Device function performance

Hi,

Could anybody explain how to optimize the following code:

__device__ float applyKxTranspose(float *zeta, float fy, int M, int N, float *result, int x, int y, int index)
{
	float zeta_index = zeta[index]/fy;
	if (x==0)
	{
		result[index] = zeta_index;
		return;
	}

	float sum = zeta_index;
	if (x==N-1)
		sum += -zeta_index;		
		
	sum+= -zeta[index-1]/fy;
	if (x==N-2 )
		sum += zeta[index+1]/fy;

	result[index] = sum;
}

where zeta = 640x480, M = 640, N=480, result=640x480, x and y - current thread + block index

I guess, it can be shared memory, but I don’t have any experience with it.
Maybe there are other things that can be improved?
Could you give me any tips?

// fy_rec = 1 /  fy
// pending the origin of fy, and the threadblock size used, either calculate fy_rec once, prior to calling the function, or once (by a single thread) within the function perhaps

float sum;

__shared__ float s_zeta[block_size];

s_zeta[threadIdx.x] = zeta[index];

__syncthreads(); // depending on block size

sum = s_zeta[threadIdx.x] * fy_rec;

if (x > 0)
{
   if (x==N-1)
   {
      sum = 0;		
   }		

   sum+= -s_zeta[threadIdx.x-1] * fy_rec;

   if (x==N-2 )
   {
      sum += s_zeta[threadIdx.x+1] * fy_rec;
   }
}

result[index] = sum;

you can probably push zeta[index] * fy_rec into shared, instead of merely zeta[index]
also, my thinking is that zeta would cache upon 1st read, hence shared memory can not truly speed up
zeta[a - 1] or zeta[a + 1] by that much
perhaps njuffa, scottgray, and others can deliberate

Thanks for your response!

I’ve tried this approach. But I’ve got a conflict of access between blocks.
s_zeta[threadIdx.x-1];
s_zeta[threadIdx.x+1]

Actually, I do not understand how it possible to solve this type of error.

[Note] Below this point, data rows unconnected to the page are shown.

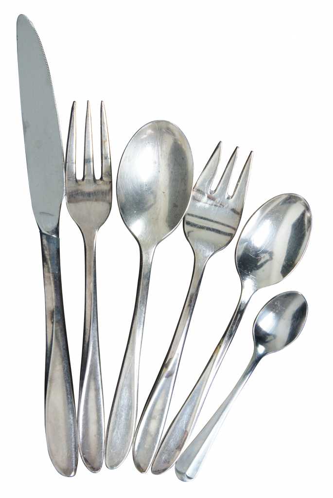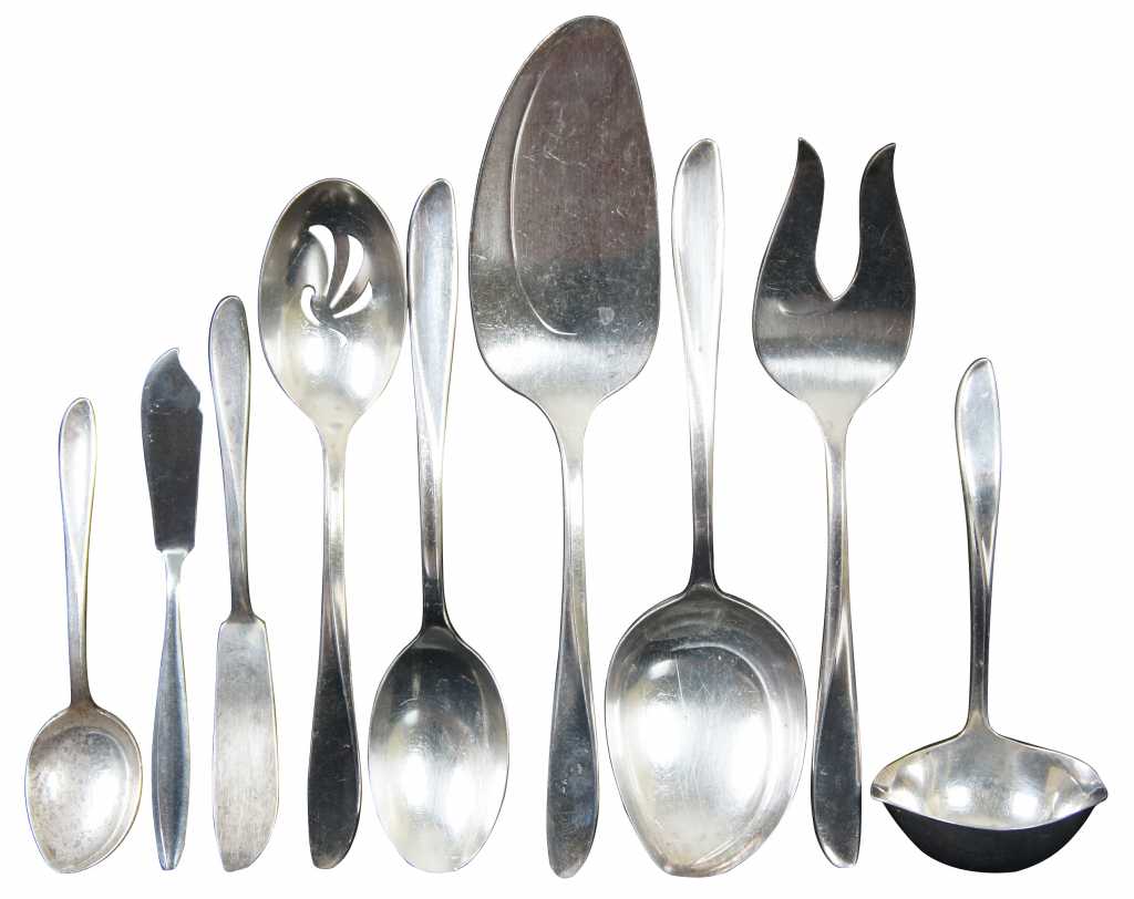 Rubbermaid Tray - 13.75” x 11.75” x 1.75” / Cake Server - 10.5” x 2.25” / Large Serving Spoon - 9” x 2.5” / Serving Fork - 9” x 2” / Serving & Slotted Serving Spoon - 8.5” x 1.75” / Ladle - 6.25” x 2.75” / Butter Knife 1 - 6.5” x 0.75” / Butter Knife 2 - 7.125” x 0.75” / Sugar Spoon - 6” x 1.5” / 8 Table Knives - 9” x 0.75” / 8 Table Spoons - 6.75” x 1.5” / 18 Teaspoons - 6” x 1.25” / 8 Salad Forks - 6.5” x 1.125” / 8 Dinner Forks - 7.125” x 1” / 7 Coffee Spoons - 4.25” x 1”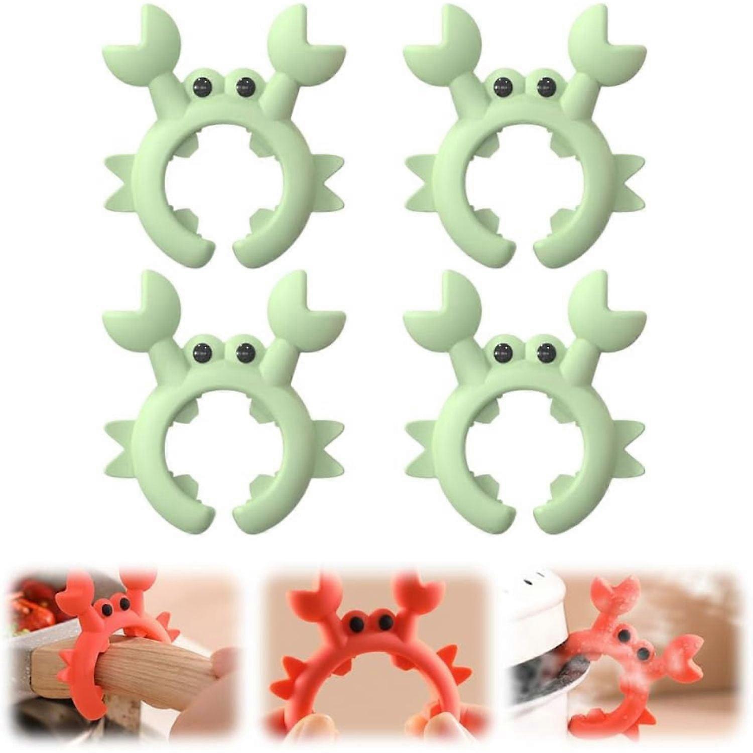 Creative Crab Shaped Silicone Spatula Rack, 4pcs Green - Universal Holder with Anti-Overflow Clip, compatible with most spatulas
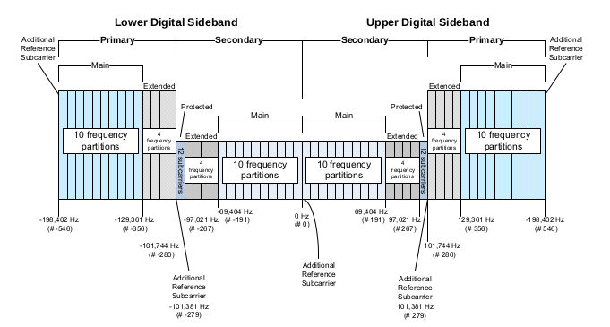 wird im HD-Radio Verfahren der Firma iBiquity das Frequenzspektrum auf beiden Seitenbändern erweitert.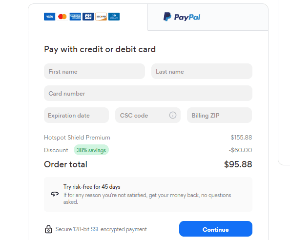 Klik på voresHotspot Shield rabatlinkog vælg en abonnementsplan.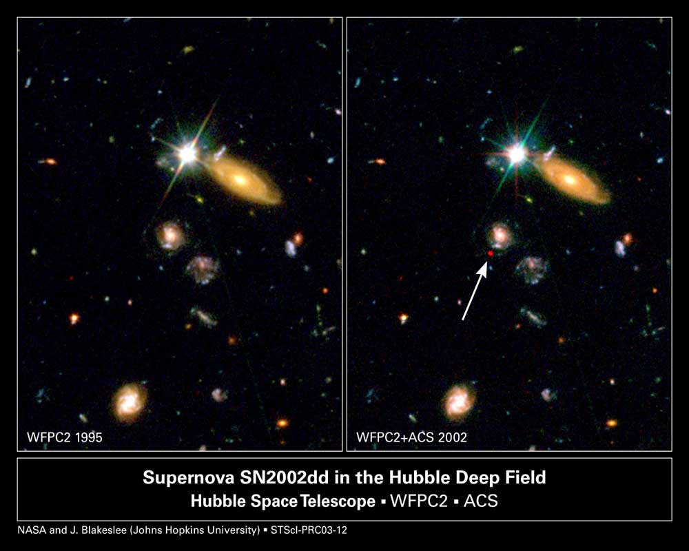 哈勃ACS图像清晰、敏感度高,视野宽阔,通过对超新星的研究,天文学家正试图研究宇宙膨胀速度从减速向加速的转换,同时了解宇宙膨胀的整个过程。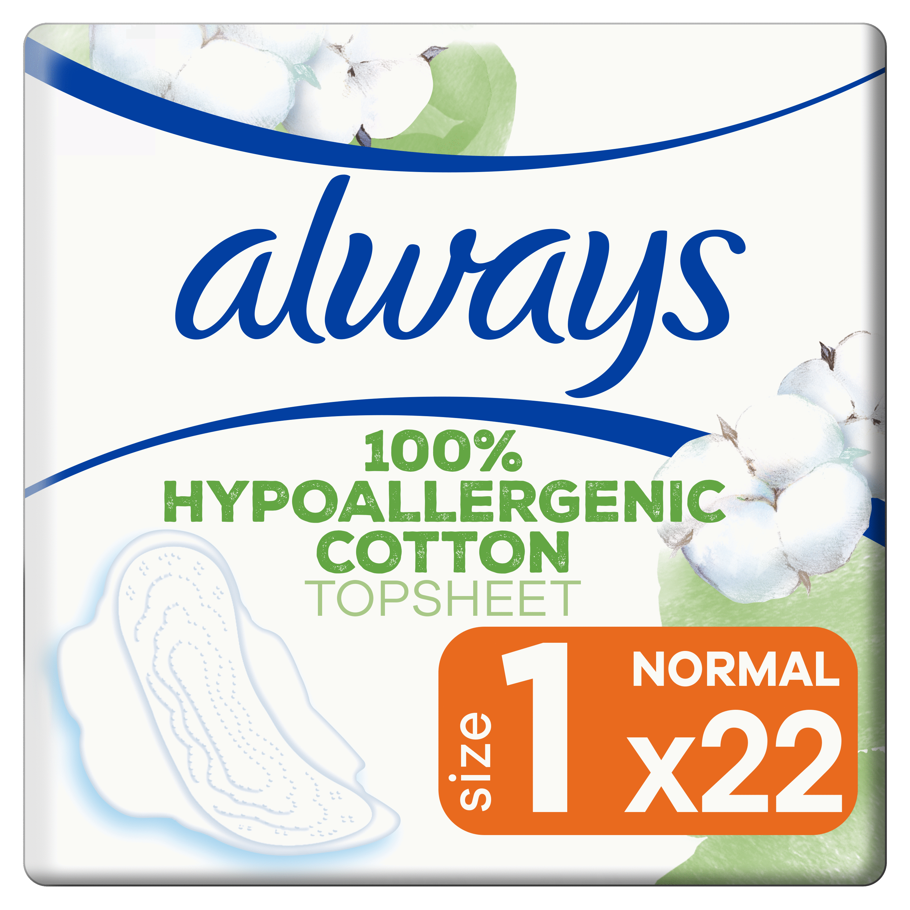 Οι σερβιέτες Always Cotton Protection Ultra διαθέτουν κάλυμμα από 100% οργανικό βαμβάκι, δεν περιέχουν αρώματα, χρωστικές και δεν έχουν υποβληθεί σε επεξεργασία λεύκανσης με χλώριο. Είναι εγκεκριμένες από δερματολόγους της SHA και πιστοποιημένες από την Cotton Inc. Διαθέτουν τζελ που εγκλωβίζει τα υγρά και δεν επιτρέπει τις διαρροές. Οι Always Cotton Protection Normal είναι ιδανικές για γυναίκες με μικρή ροή και μέγεθος εσωρούχου S και M ή με μέτρια ροή με μέγεθος εσωρούχου S.Για περισσότερες πληροφορίες σχετικά με τα προϊόντα της Always, επισκεφτείτε τον ιστότοπό μας.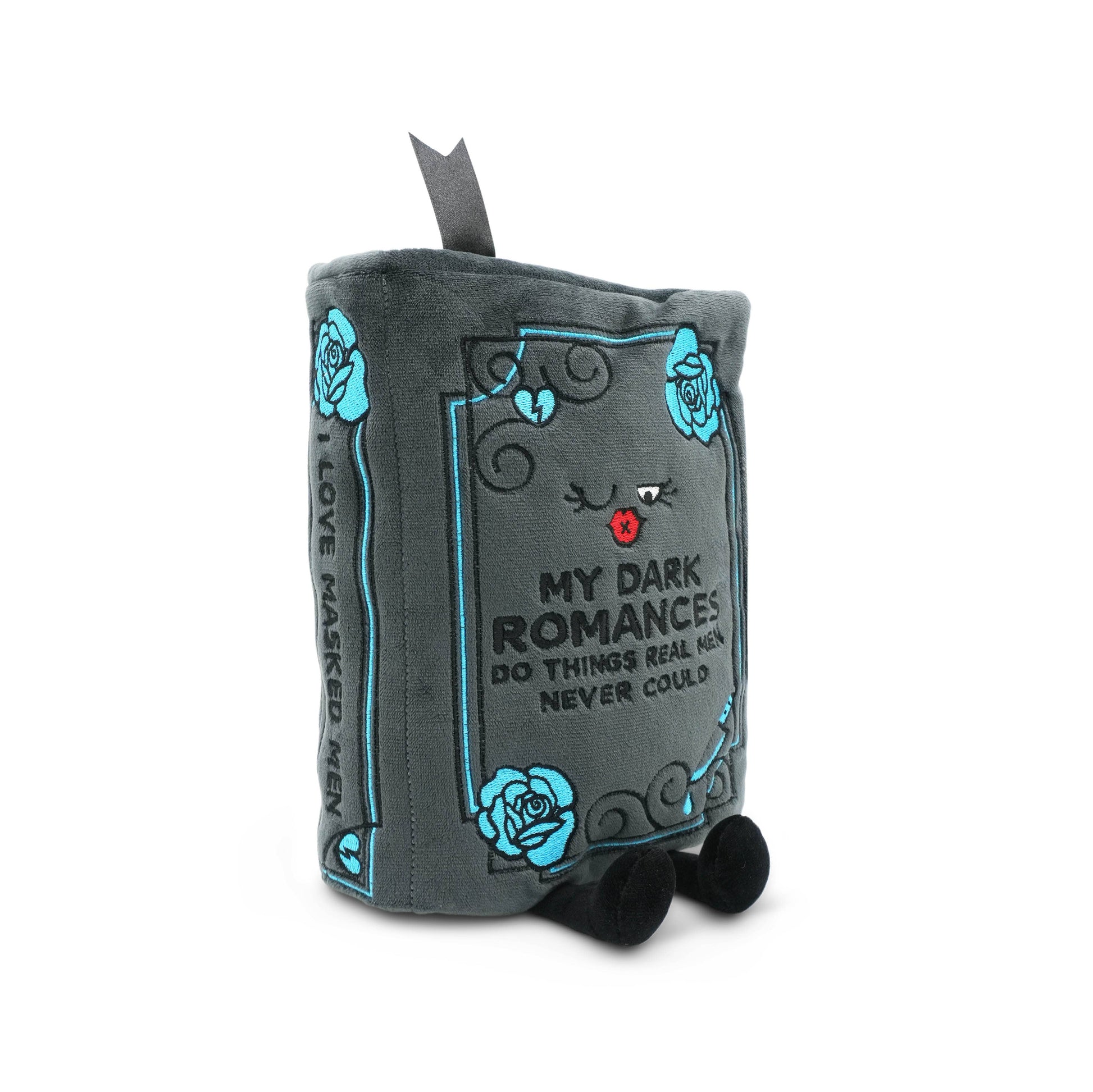 This Punchkin likes her MMCs tall, dark, and slightly obsessed with her. She knows the men in her dark romance reads will make her do and feel things real men never could. She craves the thrill of their every encounter and their undying devotion. Sure, their relationship is a bit… dark and unusual, but she’s perfectly okay with that. Her flirty expression, embroidered knife accent, and detailed spine that reads “I love masked men” make this book plushie simply irresistible. This book plushie is the perfect gift for anyone who loves a dark romance.

Moreover, if I add two more shared arrays for
zeta[threadIdx.x-1];
zeta[threadIdx.x+1]

It makes the speed more slow.

if the block’s access spills over into adjacent blocks (x != threadIdx.x), then you would need the additional reads into the adjacent blocks
shared memory can not speed up those additional reads; shared memory can only allow reuse of that data
your data access seems to be unique, such that there is little room for data reuse via shared memory

nonetheless, if you want to use shared memory, i suppose it would be something like:

shared float s_zeta[block_size + 2];

s_zeta[threadIdx.x + 1] = zeta[index];

if (threadIdx.x == 0)
{
if (x > 0)
{
s_zeta[0] = zeta[index - 1];
}

if (x < Y)
{
s_zeta[block_size + 1] = zeta[index + 1];
}
}

The code looks to be bound by memory bandwidth, so you would want to focus on that. Let the CUDA profiler guide you. Irregular access patterns, as they seem to exist here, are particularly bad for performance on the GPU when the data is stored in global memory.

You are not showing the entire kernel so it is not clear where the data manipulated by this code is stored. Also, optimizing this code may be what is known as an “XY-problem”. The function name implies transposition. Every time I come across code that explicitly copies or transposes arrays or matrices, or computes a matrix inverses, I suspect that there are better ways of accomplishing the top-level task. Whether that is the case here I cannot say since there is not enough context.